Chickpea and Beef Stew
This recipe is inspired by the Cannellini Bean and Lamb Soup in Jerusalem: A Cookbook. I’m the kind of home-cook who looks at a recipe, opens the pantry doors and thinks ‘Yeah, I can make this work.’ Sometimes to great success, other times it’s clear the recipe is less of a guide and more of a hard and fast set of rules. In this case, I probably should have followed the recipe to a T, but I didn’t and had to make some significant changes on the fly. The end result was pretty great, but I have a feeling the original recipe as written is excellent.

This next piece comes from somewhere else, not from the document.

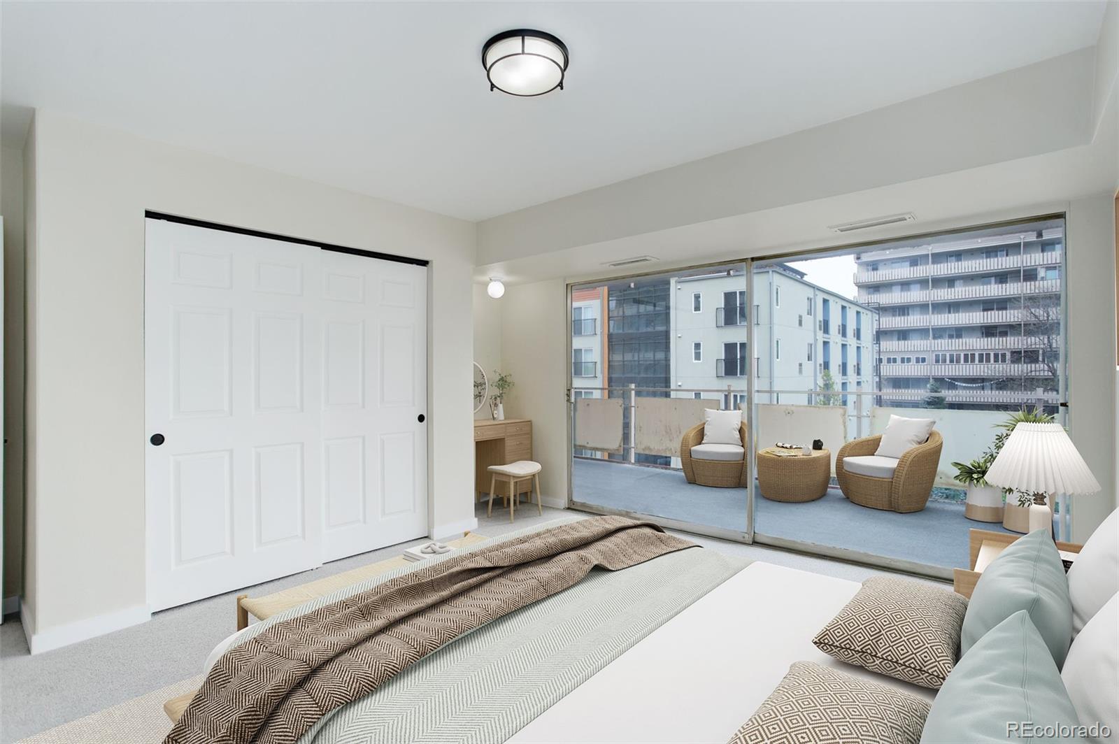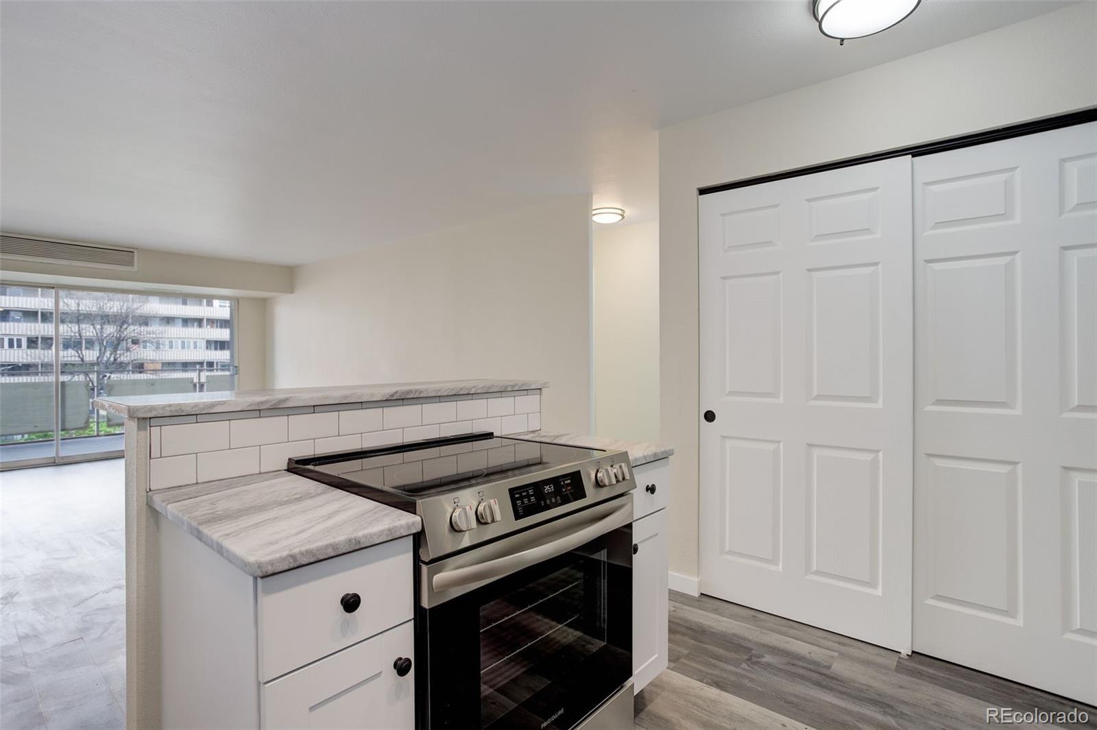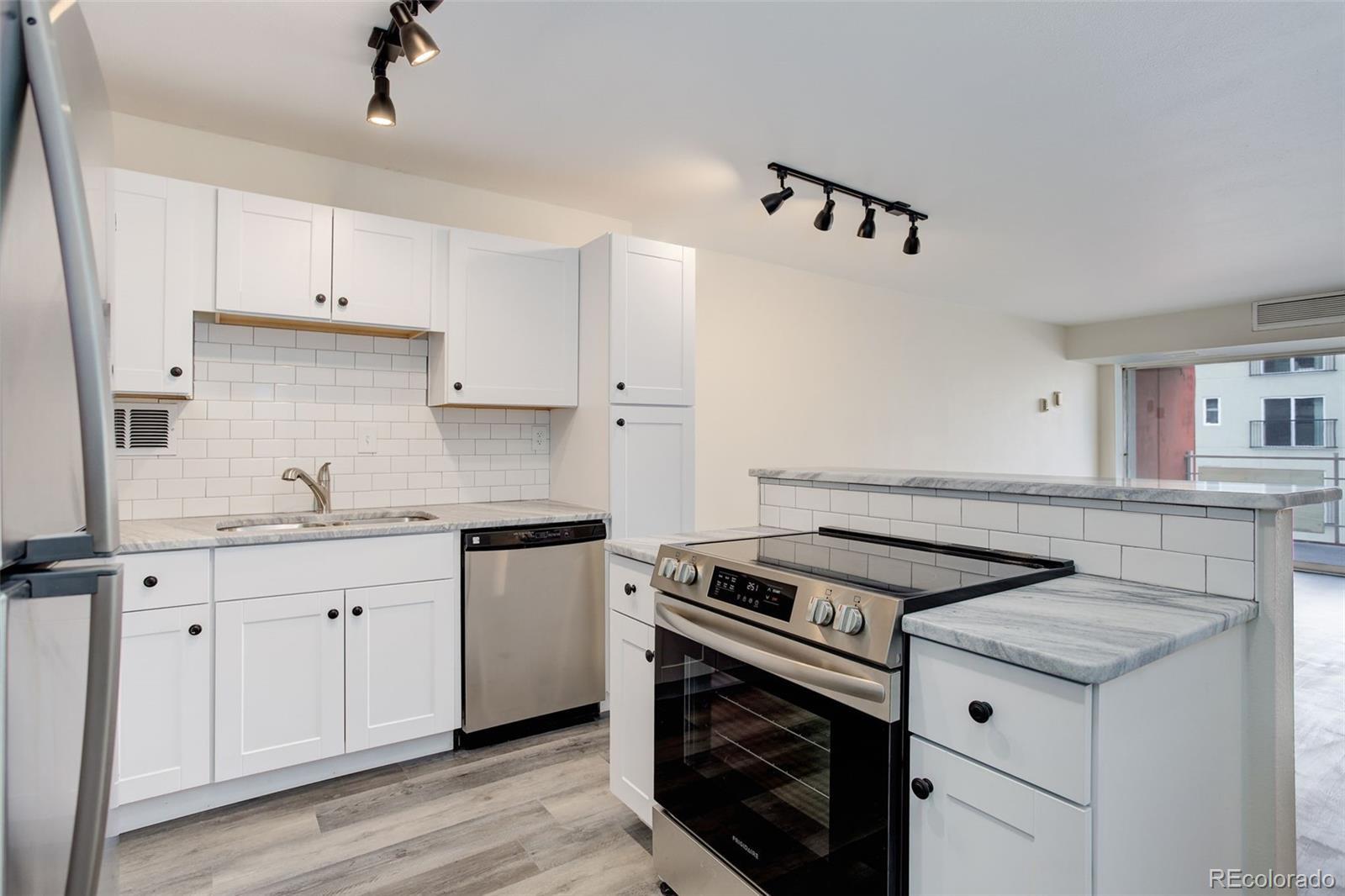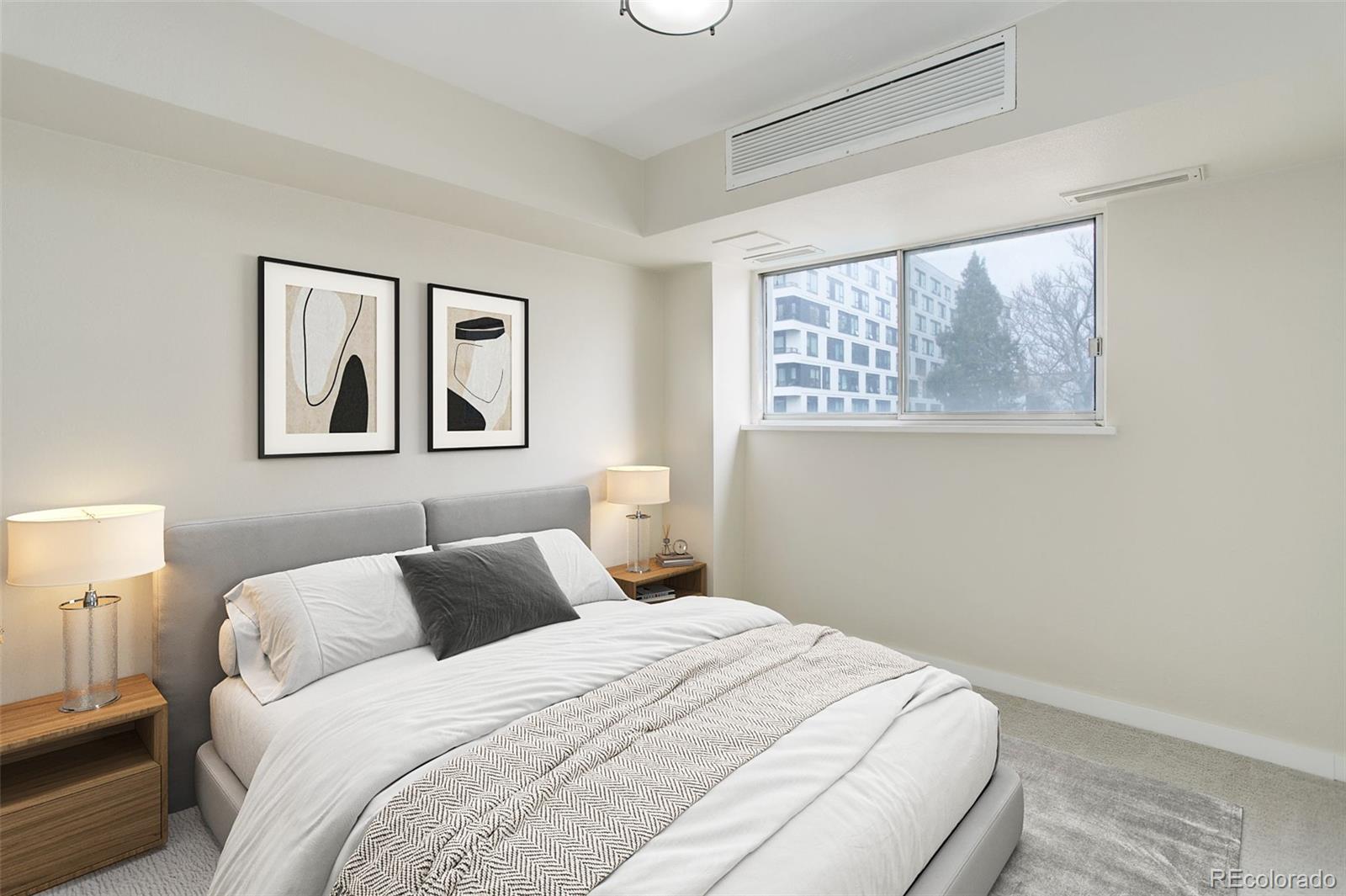 This spectacular corner two-bedroom unit is in an unbeatable location close to restaurants, shopping, and all that Denver has to offer. This recently remodeled sunny unit features an open floor plan with a gourmet kitchen outfitted with new appliances and granite countertops. You will love the eat-in breakfast bar and eye-catching backsplash. New luxury vinyl flooring extends throughout the main living area. A wall of glass provides an abundance of natural light and leads to a tremendous covered deck. It is the perfect spot to spend quiet afternoons and offers plenty of room for indoor/outdoor living. The primary suite is highlighted by new carpet, a luxurious ensuite bath, and access to the deck. The secondary bedroom is spacious and bright. The building is secure and offers a sparkling pool, underground parking, extra storage, and a laundry room. Check out the newly renovated 10th floor community room with home working hub! With its convenient location and designer remodel, this property is prime for the discerning investor or home buyer.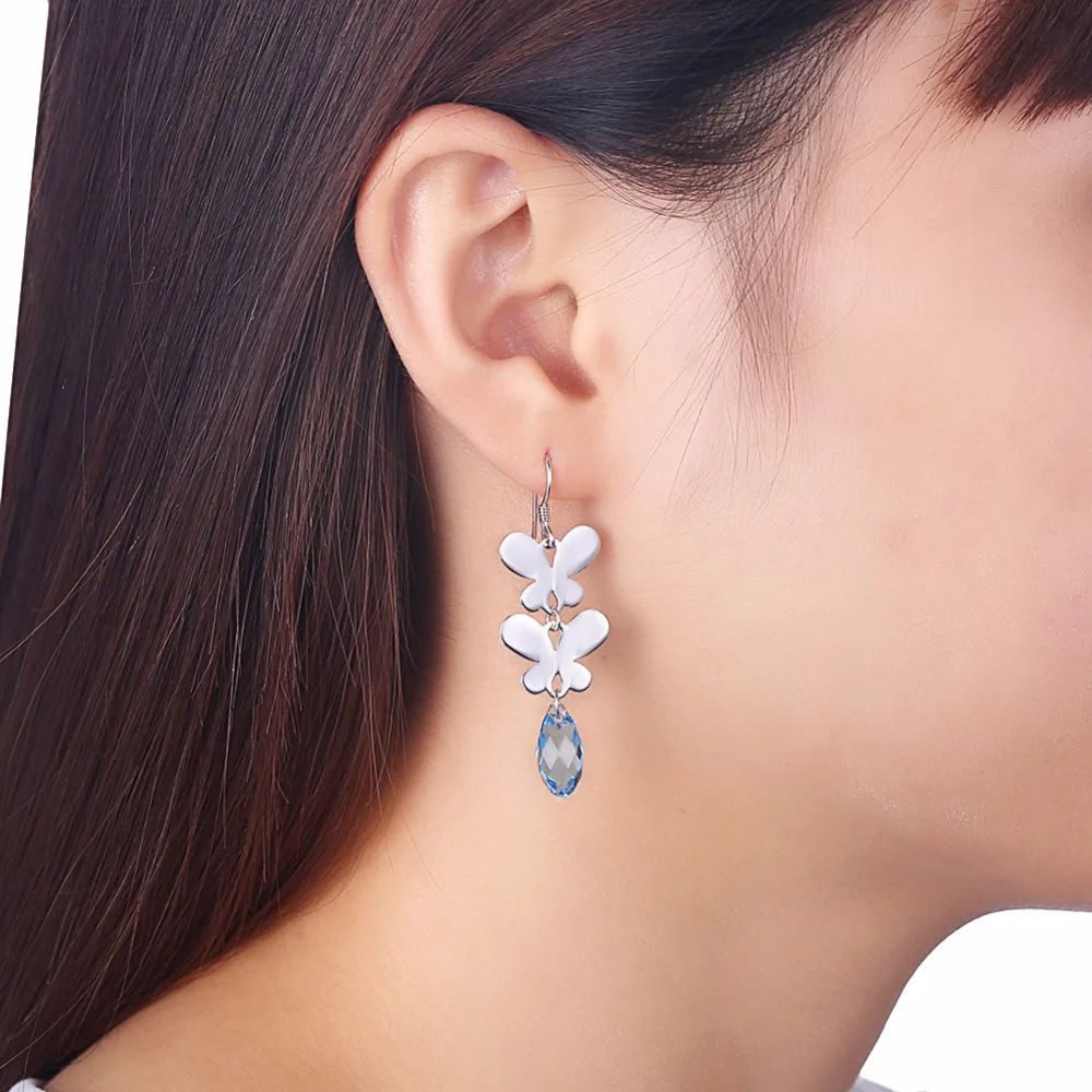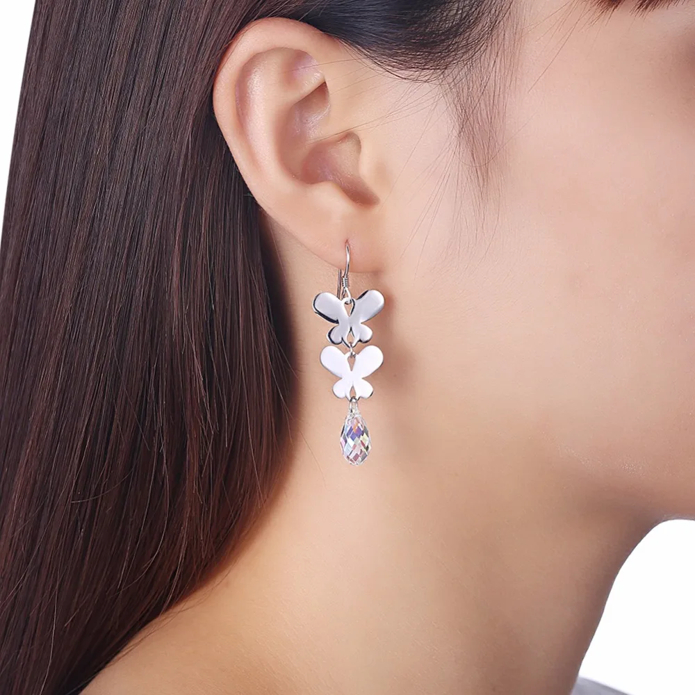 Brand Fine Jewelry Women Earrings Made With Austria Crystal Drop Earring Butterfly Dangle Earrings For Women CWE106

Below is my recipe with flavors inspired by Yotam Ottolenghi and Sami Tamimi.
- 6 tbsp Olive Oil (plus more for drizzles)
- 1 small Onion diced
- ¼ small Celery Root diced
- 20 cloves of Garlic
- 2 tsp ground Cumin
- 1 tsp ground Coriander
- 1 lb Stewing Beef
- 7 cups Water
- 1 ½ tbsp Beef Stock concentrate
- ½ cup dry Chickpeas soaked overnight to make 1 ½ cups Chickpeas
- 10 Green Cardamom Pods
- ½ tsp Turmeric
- 2 tbsp Tomato Paste
- 4-6 small to medium Potatoes
- 3 tsp Brown Rice Vinegar
- Juice of two Lemons
- Salt and Pepper to taste
Place 2 tbsp olive oil in a heavy bottom Dutch oven with the diced onion and celery root. Bring to a sauté over medium heat. Add the pealed crushed garlic cloves, coriander and cumin. Cook for another 2 minutes to release the aromatics.
Season the stewing beef with salt and pepper, add to the Dutch oven and reduce the heat to low. Stir to coat the beef in the aromatics. Add the presoaked chickpeas, cardamom pods, turmeric, tomato paste and potatoes. Add the water and beef stock concentrate. Bring to a low boil and let cook for an hour.
Strain out roughly 2/3 of the chickpeas and potatoes. Blend those with 1 cup of the soup broth, rice vinegar and remaining olive oil.
Add the blended ingredients back to the soup and mix in the lemon juice. Stir to fully combine and bring back to a low boil for 15 – 20 minutes. Enjoy with an olive oil drizzle and parsley to garnish.